Task brief —
Take the line that contains "einer der zwei" and each one after it through the last line below, and retype them exactly. Leave out the pictures.

Source material —
......

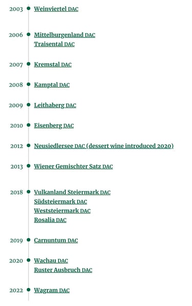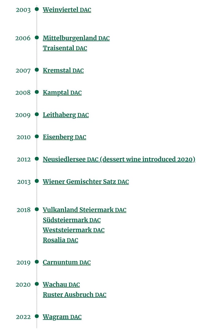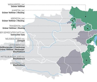 Dentro de los Qualitäswein también se incluyen los DAC (Districtus Austriae Controllatus) que no sólo delimita regiones, sino variedades autorizadas, mínimos niveles de alcohol, mínimo KMW, rendimientos, etc.
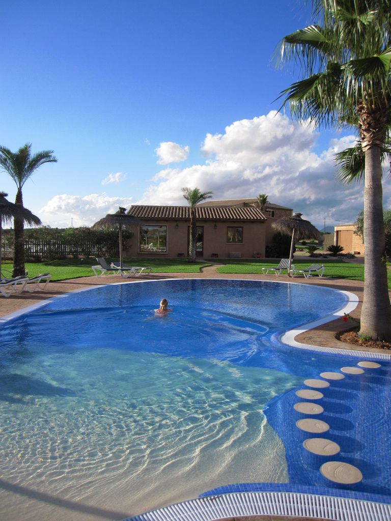 einer der zwei Pools der Finca - im Hintergrund das Spa-Haus mit Sauna, Dampfbad und Whirpool
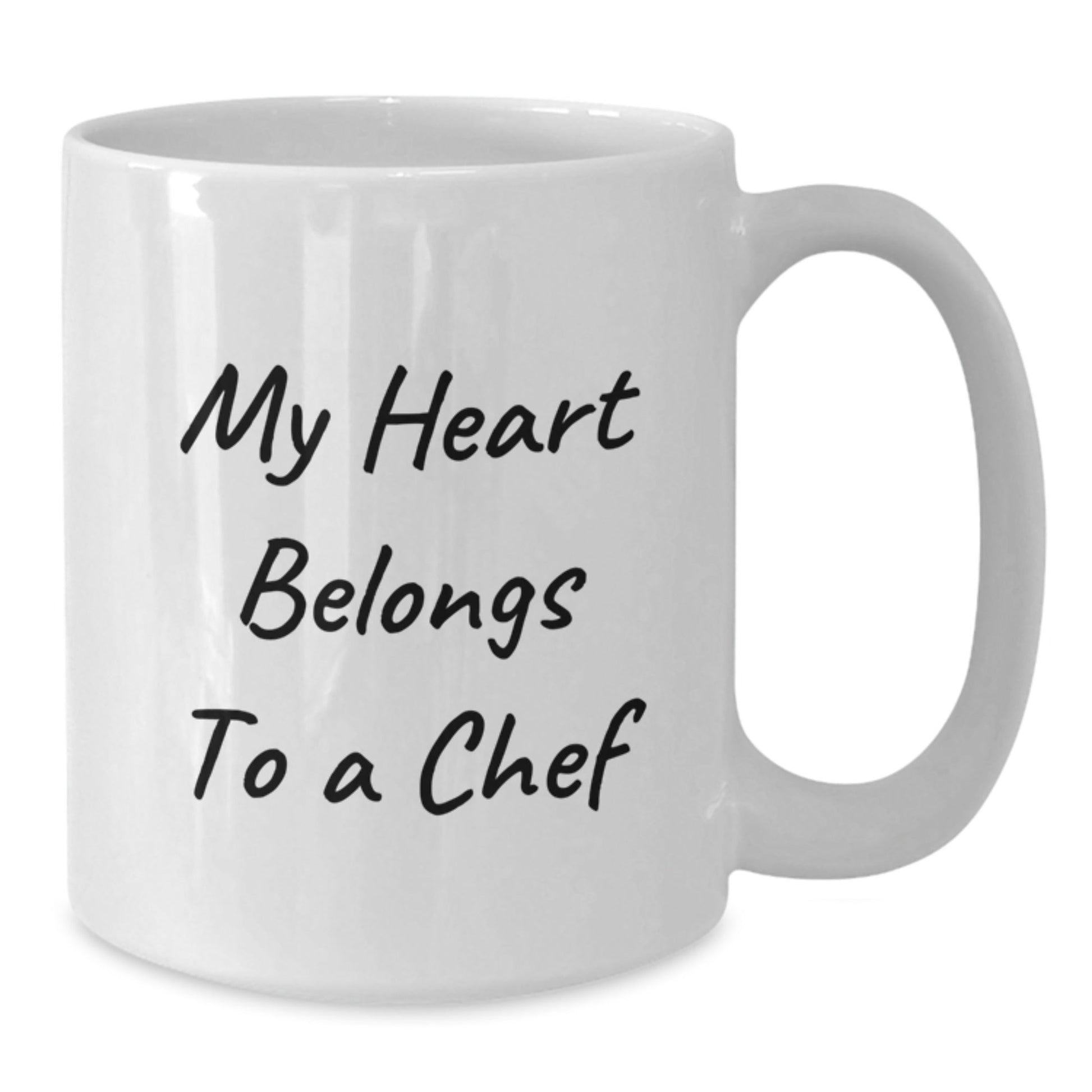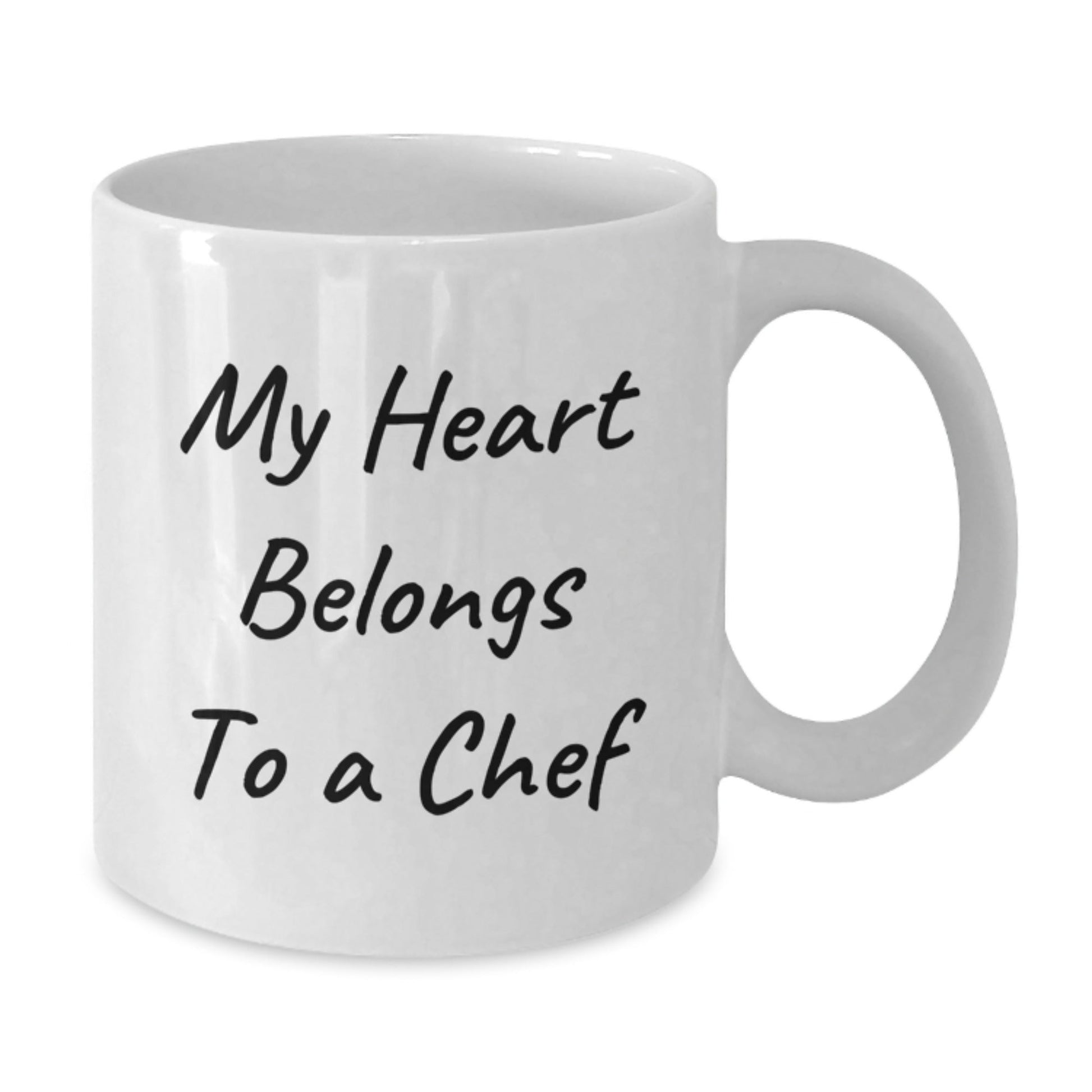 Nuestros divertidos regalos de chef para él, de parte de nuestros amigos, son la taza de café blanca "Mi corazón pertenece a un chef". Son la manera perfecta de demostrar tu aprecio por el chef de tu vida. ¿A qué esperas? ¡No te la pierdas y haz que su cumpleaños sea inolvidable!

......

Exercise answer —
 einer der zwei Pools der Finca - im Hintergrund das Spa-Haus mit Sauna, Dampfbad und Whirpool
 Nuestros divertidos regalos de chef para él, de parte de nuestros amigos, son la taza de café blanca "Mi corazón pertenece a un chef". Son la manera perfecta de demostrar tu aprecio por el chef de tu vida. ¿A qué esperas? ¡No te la pierdas y haz que su cumpleaños sea inolvidable!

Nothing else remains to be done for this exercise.